Do Federal Security Regulations Help?
This essay appeared as part of a point-counterpoint with Marcus Ranum.
Regulation is all about economics. Here's the theory. In a capitalist system, companies make decisions based on their own self-interest. This isn't a bad thing; it's actually a very good thing. We don't want companies to act as public charities; we want them to act as for-profit entities. But there are often effects of company decisions that are not borne by the companies; these are known as “externalities” to the decision. Companies aren't going to take externalities into account, because, well, because they're someone else's problem. If we as a society want externalities to factor into company decisions, then we have to make those externalities internal. Once we do that, the natural engine of capitalism will take over.
I'll give you an easy example. Company pollutes the river, people downstream die. No one in the company lives downstream, no company customer lives downstream, so the company doesn't care. It's a classic externality. If society wants the company not to pollute the river, it has to remove the externality. Liabilities (allowing the people who live downstream to sue) and regulation (making it illegal to pollute the river) both do that. They raise the cost of polluting the river, so a rational company will spend more money so as to not pollute the river.
What does this have to do with computer security? Everything. If ChoicePoint has lousy security and someone steals our identity information, we are harmed. But to ChoicePoint, it's an externality. ChoicePoint isn't a charity, and it's not going to improve its security out of the goodness of its heart. If we want ChoicePoint to protect our data, we're going to have to force them. We need to raise the cost of their having lousy security, so it'll be cheaper for them to have good security.

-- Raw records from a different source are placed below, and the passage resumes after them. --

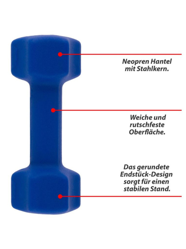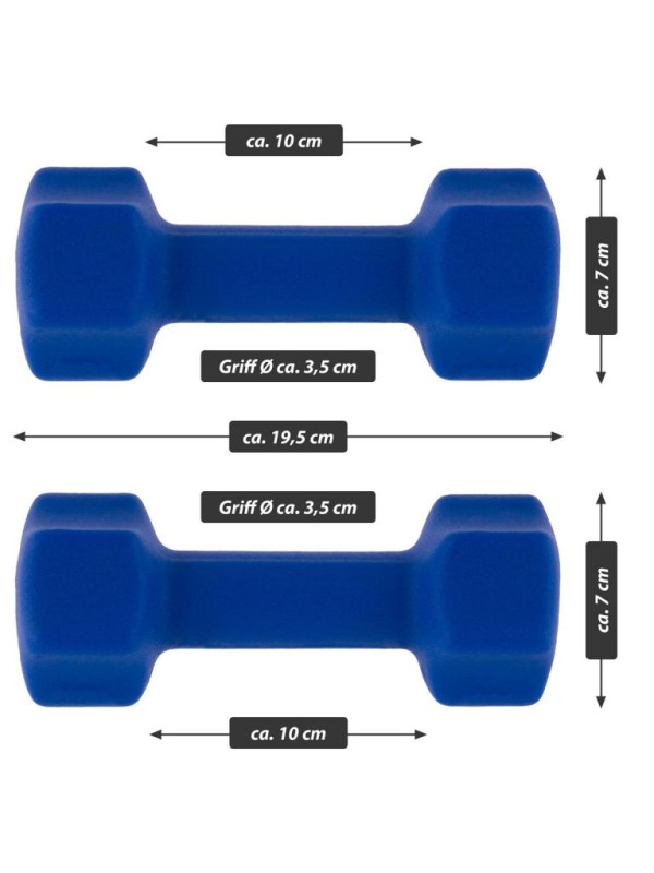 Optimálne činky na použitie v posilňovni aj doma, vhodné na tréning hrudníka, paží, bicepsov a tricepsov. Činky sú potiahnuté neoprénovou vrstvou - tá vytvára mäkký a nekĺzavý povrch, ktorý sa ľahko a pohodlne drží a je odolný proti poteniu. Jadro vyrobené z vysoko kvalitnej ocele zaručuje dlhú životnosť. Zaoblená konštrukcia koncov zaisťuje stabilné umiestnenie, ktoré zaisťuje Vašu bezpečnosť a zabraňuje skotúľaniu. Neoprénový kryt zabraňuje poškodeniu podlahy alebo úložných priestorov.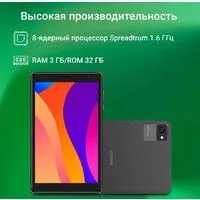 8.0" IPS, 60 Гц (1280x800), Android, UniSoC SC9863A, 3 ГБ / 32 ГБ, Wi-Fi + сотовая связь, аккумулятор 4000 мАч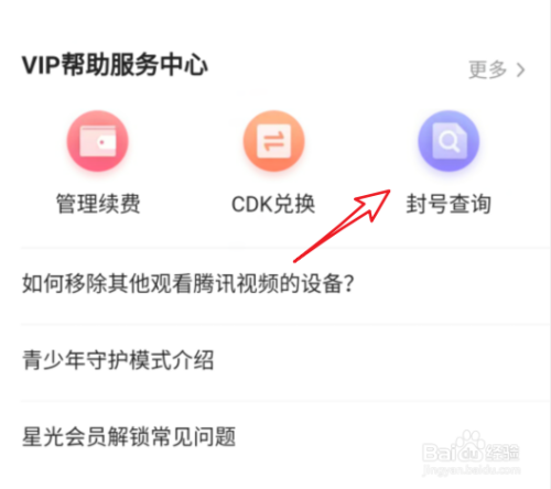进入VIP帮忙办事中间后,选择下方的封号查询。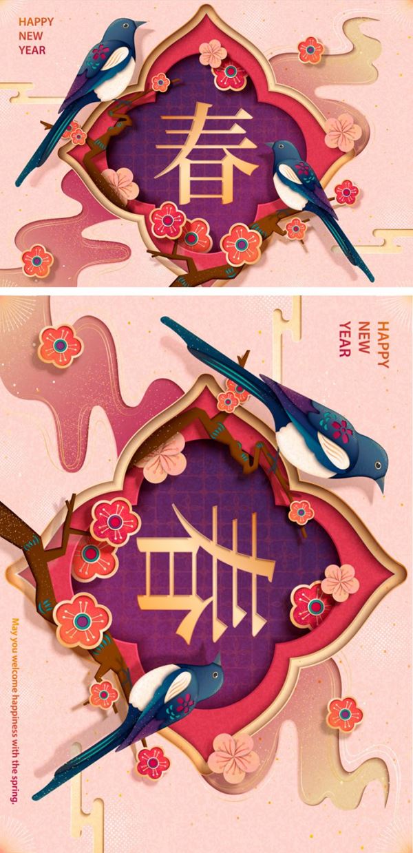 图穷联素材库 » 年梅花喜鹊纸艺术风格中国新年年画矢量海报素材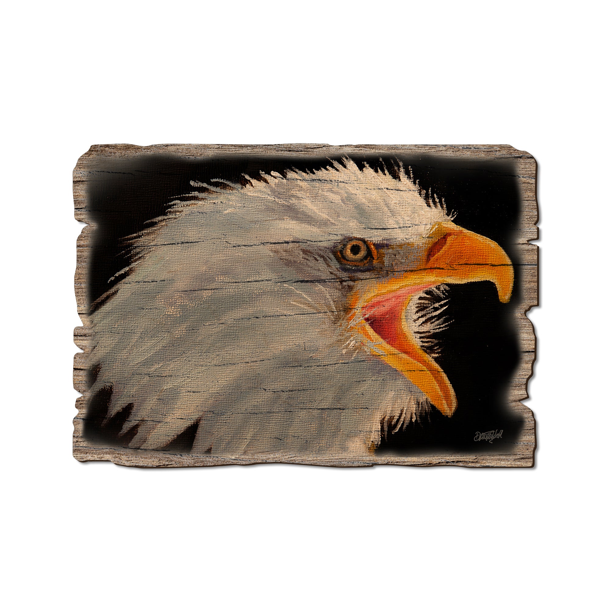 - Laser charred edge and colorful imagery creating arustic and weathered look.

At least, that's the idea behind regulation. Unfortunately, reality isn't nearly as simple as the theory. When you're talking about regulation, the devil is in the details.

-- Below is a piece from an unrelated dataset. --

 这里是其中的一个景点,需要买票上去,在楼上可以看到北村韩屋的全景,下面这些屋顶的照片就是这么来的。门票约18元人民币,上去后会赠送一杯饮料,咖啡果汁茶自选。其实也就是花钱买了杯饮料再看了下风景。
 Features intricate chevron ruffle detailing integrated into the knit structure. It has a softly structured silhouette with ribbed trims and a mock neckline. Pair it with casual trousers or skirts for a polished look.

Take the various disclosure laws. On the face of them, they're smart regulation. By forcing companies to make data breaches public, we're raising the cost of those breaches. Unfortunately, a lot of that cost was in public shaming; the press would write bad stories about companies that lost personal data. But as more and more companies lose data, the press becomes less interested in writing those stories – and the public shaming diminishes. Good idea, but temporary.
Or take Sarbanes-Oxley. I've read the law, and I'm not exactly sure how it pertains to computer security. But everyone seems to think it does, and companies have poured all sorts of money into computer security: the cost is still cheaper than the potential liability. Some of this money has gone into actual computer security, but most of it has gone to large auditing firms that produce reports that are only useful to defend against liability claims. Sort of a good idea, but very expensive for what you get.

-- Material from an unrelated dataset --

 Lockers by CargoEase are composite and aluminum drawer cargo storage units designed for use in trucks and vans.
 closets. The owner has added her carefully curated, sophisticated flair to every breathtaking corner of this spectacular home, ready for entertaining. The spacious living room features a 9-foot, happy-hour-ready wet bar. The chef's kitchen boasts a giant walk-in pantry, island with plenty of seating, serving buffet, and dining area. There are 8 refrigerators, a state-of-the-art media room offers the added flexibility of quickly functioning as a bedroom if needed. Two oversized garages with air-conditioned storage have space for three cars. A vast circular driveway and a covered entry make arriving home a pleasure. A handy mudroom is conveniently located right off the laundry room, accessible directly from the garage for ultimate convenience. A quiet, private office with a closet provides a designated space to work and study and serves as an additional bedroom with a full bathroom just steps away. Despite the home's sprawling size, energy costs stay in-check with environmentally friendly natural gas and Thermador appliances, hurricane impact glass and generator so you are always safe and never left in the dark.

A much better example is the credit card law that limits personal liability for fraud to $50. Before the law, credit card losses were an externality to credit card companies, so they didn't do all that much to improve security. After the law, we got online verification terminals, systems for card activation, data-mining systems to detect fraudulent spending patterns, and so on. Great idea, and one that significantly improved security.
So what are the characteristics of good regulations? One, they're targeted at a specific externality. There's no point in passing a regulation requiring a company to secure its own assets; normal economics will take care of that.
Two, the penalties are large enough to make the alternative more attractive. Otherwise, they're worthless.
Three, they're focused results, not technology. Don't pass a regulation requiring this brand of firewall or that default configuration setting. A good regulation says that if anyone breaches your network and uses it to send spam, you're not in compliance. How you prevent this attack is your business. This kind of regulation stimulates the marketplace to solve the problem better and more cheaply.
And four, they put the entity that has the ability to fix a security problem in charge of the security problem. It's useless to pass a regulation requiring individuals to secure themselves against identity theft; the real problem is with the banks and the credit card companies.
Do federal security regulations help? They can if written well, but unfortunately that's the exception. Which is why I tend to prefer liability as the mechanism to reduce externalities instead of regulation.